A detailed description of the definition and determination of the deep weighting function parameters that were used can be found in [43].

With regard to condition (16), with a defined weight observation matrix P, the least squares objective function is written as:

$$v^{T}Pv+d{x}^T{W}_{x}dx=\min$$

(17)

This condition leads to the solution of equation system 15 in the following form:

$$dx={\left(A^{T}PA+W_x\right)}^{-1}{A}^{T}PL$$

(18)

Note that the use of a deep weighting function (matrix $W_{\tau }$), not only solves the problem of solution ambiguity, but also allows for some control over the depth of the location of the designated densities. The second factor influencing density location is related to the utilized observations and can be controlled, to some extent, by the weights given to individual groups of them. Note that in the model under discussion, the gravity data are more sensitive to density variation located closer to the terrain surface, and the potential values are more sensitive to density variation in deeper locations. Hence, it is important to properly design the weight matrix P. In previous studies, it has been assumed that the weights for the disturbing potential values are closely related to their accuracy (the accuracy of the GNSS/levelling data). Regarding the gravity values, it has been assumed that their weights are related, not to the accuracy of their determination, but more to the accuracy of the GGI model in terms of gravity. For the calculations, a value 2–3 times greater than the prediction accuracy has been assumed as the basis for estimating the weights of gravity values.

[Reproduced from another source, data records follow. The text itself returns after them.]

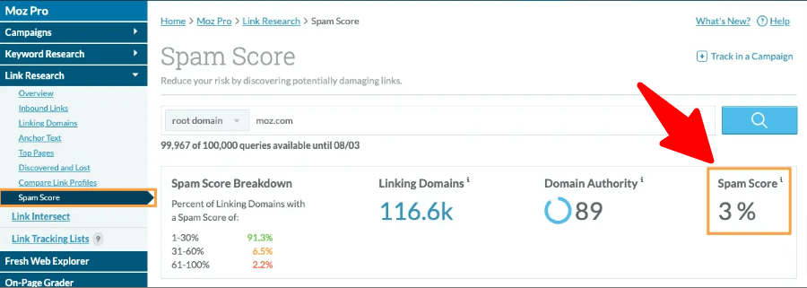 Анализ спама: Это еще одна недавно добавленная функция в инструмент Moz Pro. Оценка спама поможет вам найти потенциально спамные ссылки на ваших сайтах. Как только вы найдете и исправите эти ссылки, вы заметите, что ваш трафик увеличится. Вы также сможете избежать штрафов Google и провести тщательный аудит своего сайта на наличие вредоносных ссылок. Вот как выглядит показатель спама;
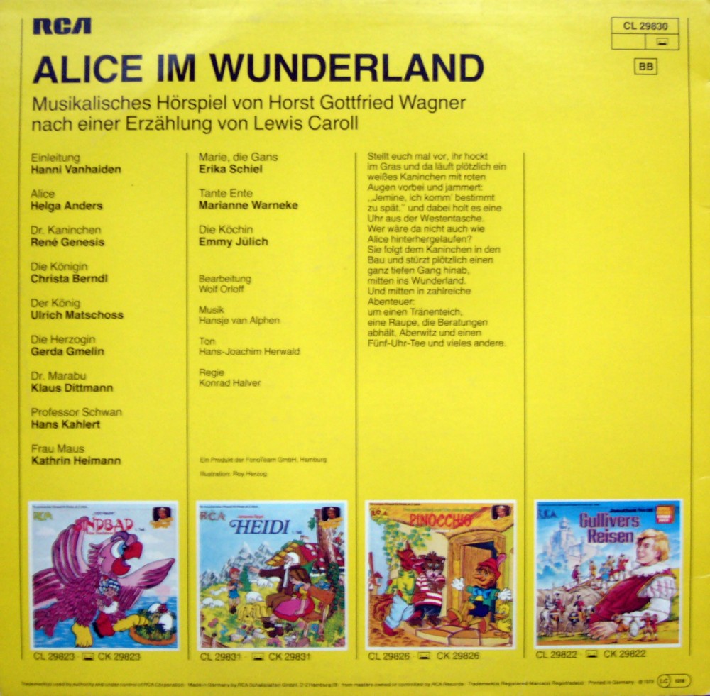 Stellt euch mal vor, ihr hockt im Gras und da läuft plötzlich ein weißee Kaninchen mit roten Augen vorbei und jammert: "Jemine, ich komm' bestimmt zu spät!", und dabei holt es eine Uhr aus der Westentasche. Wer wäre da nicht auch wie Alice hinterhergelaufen?
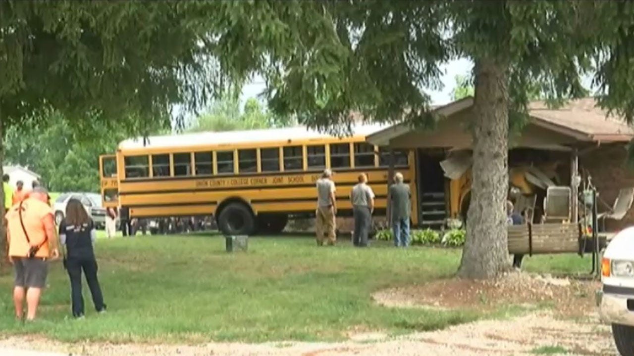 No students were injured on board the bus that crashed into a home early Monday in College Corner, Ohio, authorities said. (FOX19 Cincinnati WXIX)
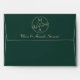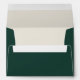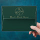 Simple, elegant, modern emerald green 5x7 envelope for wedding invitation with monogram initials on the top flap with unique romantic couple love birds gold foil drawing.
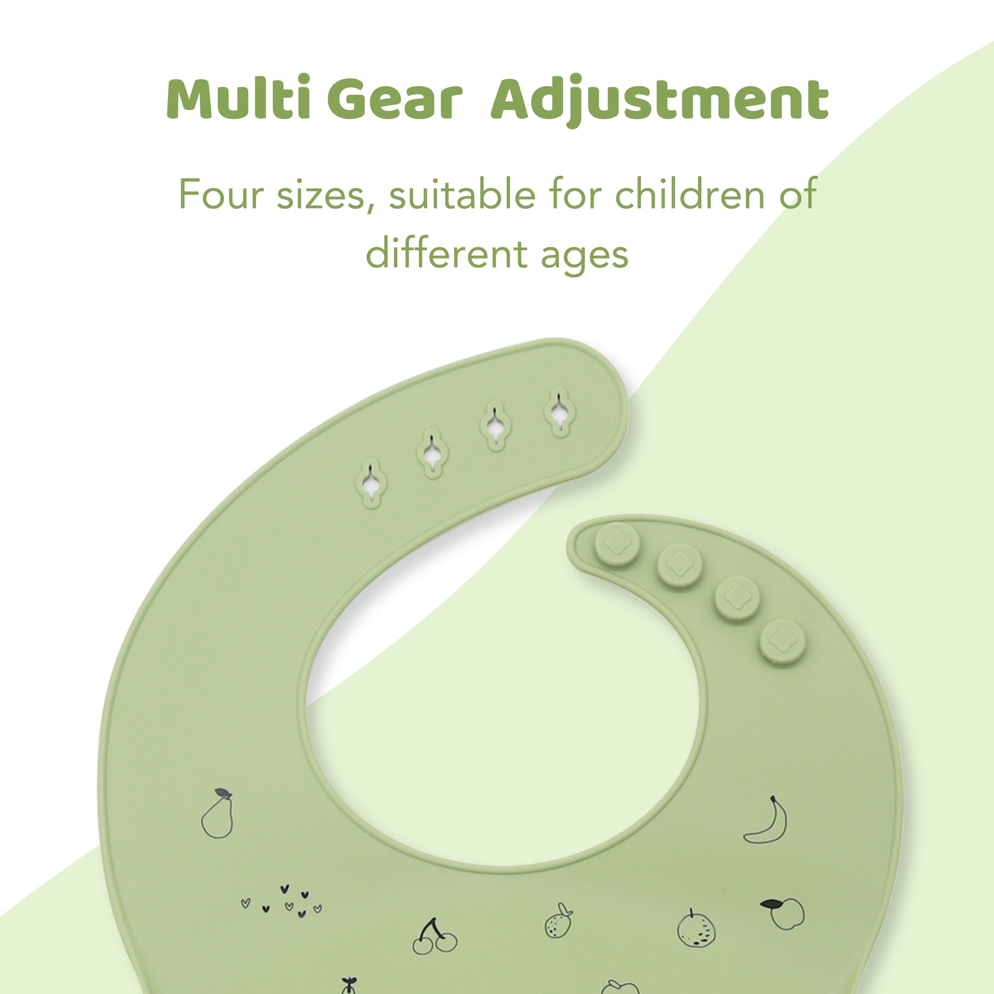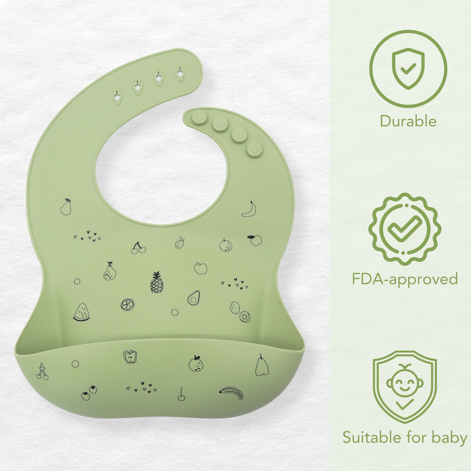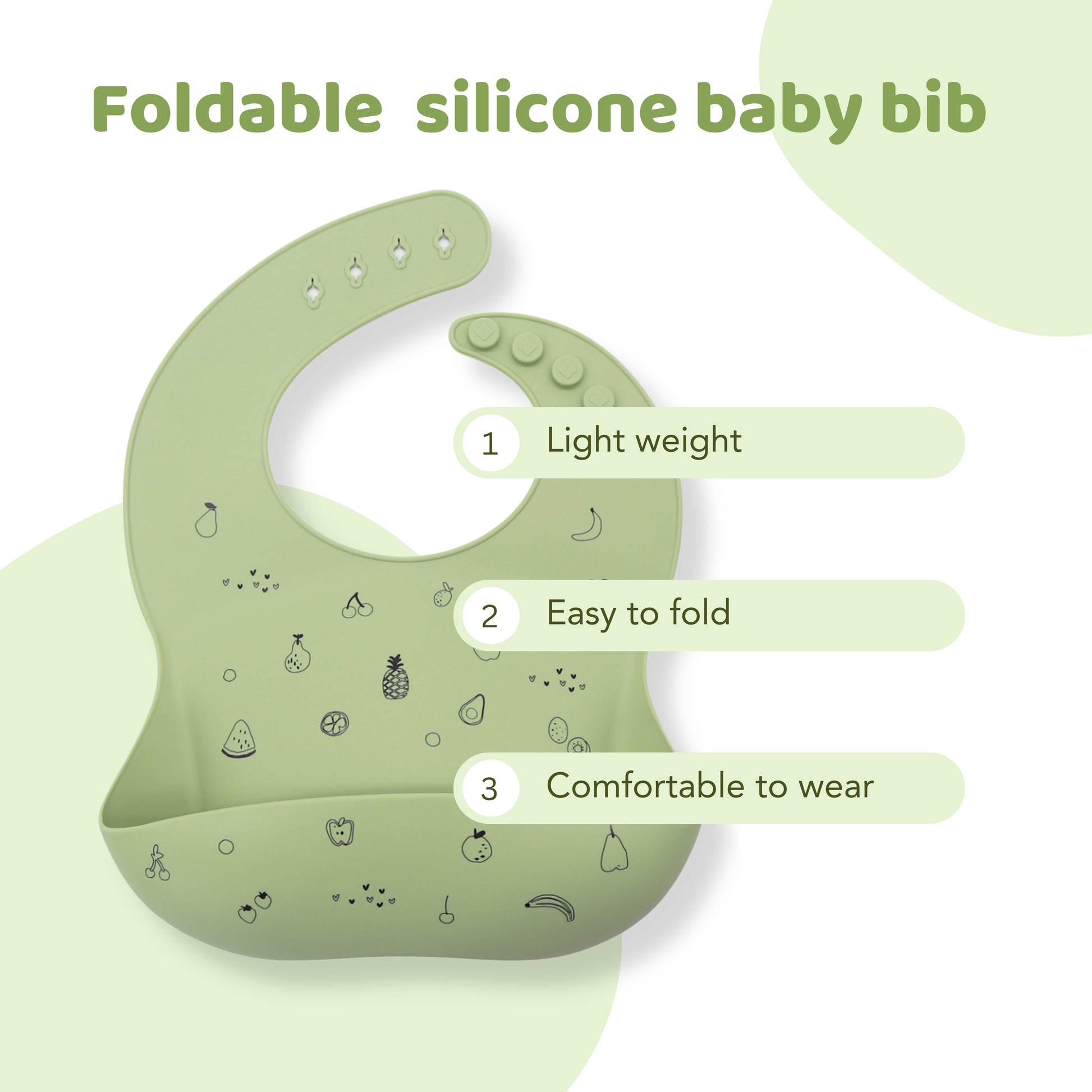 Minimum Premium Printed Silicone Bib for babies and toddlers (6M-4Y) | Adjustable neckline & wide crumb-catcher | Waterproof, flexible, dishwasher-friendly | (Green)

Calculations can also be performed with the use of global geopotential models. In this case, the RCR procedure is used. If we calculate gravity potential values $\left(W\right)$ for GNSS/levelling points, the RCR procedure may be carried out according to the following scheme:

1.

Removal from the original data of a global model part (long-wavelength part) and determination of the residual disturbing potential values $\delta T_r$ and the residual gravity $\delta {\mathrm{g}}_r$.

$$\delta T_r=T-T_{GM}=W-W_{GM}$$

(19)

$$\delta g_r=g-g_{GM}$$

where $T_{GM}, W_{GM}$, and $g_{GM}$ are the disturbing potential, gravity potential, and gravity from the global model, while $g$ is the measured gravity.

2.

On the basis of the residual data, the residual model of the disturbing gravity potential is built using the GGI method.

$$\delta T_{r_{GGI}}=\delta T_E+\delta T_{\mathsf{\Omega }}+\delta T_{\kappa }$$

(20)

where the components $\delta T_E,$ $\delta T_{\mathsf{\Omega }}$, and $\delta T_{\kappa }$ are residual parts of the componenets $T_E,$ $T_{\mathsf{\Omega }}$, and $T_{\kappa }$ (after removing from them parts contained in the global geopotential model).

3.

For new points, the residual disturbing potential values from the GGI model and the gravity potential values from the global model are determined. Consequently, the values of gravity potential $\left(W_{GGI}\right)$ and gravity $\left(g_{GGI}\right)$ can be determined.

$$W_{GGI}=W_{GM}+\delta T_{r_{GGI}}$$

(21)

$$g_{GGI}=g_{GM}+\delta g_{r_{GGI}}$$

where $\delta g_{r_{GGI}}$ is the residual gravity from the GGI model.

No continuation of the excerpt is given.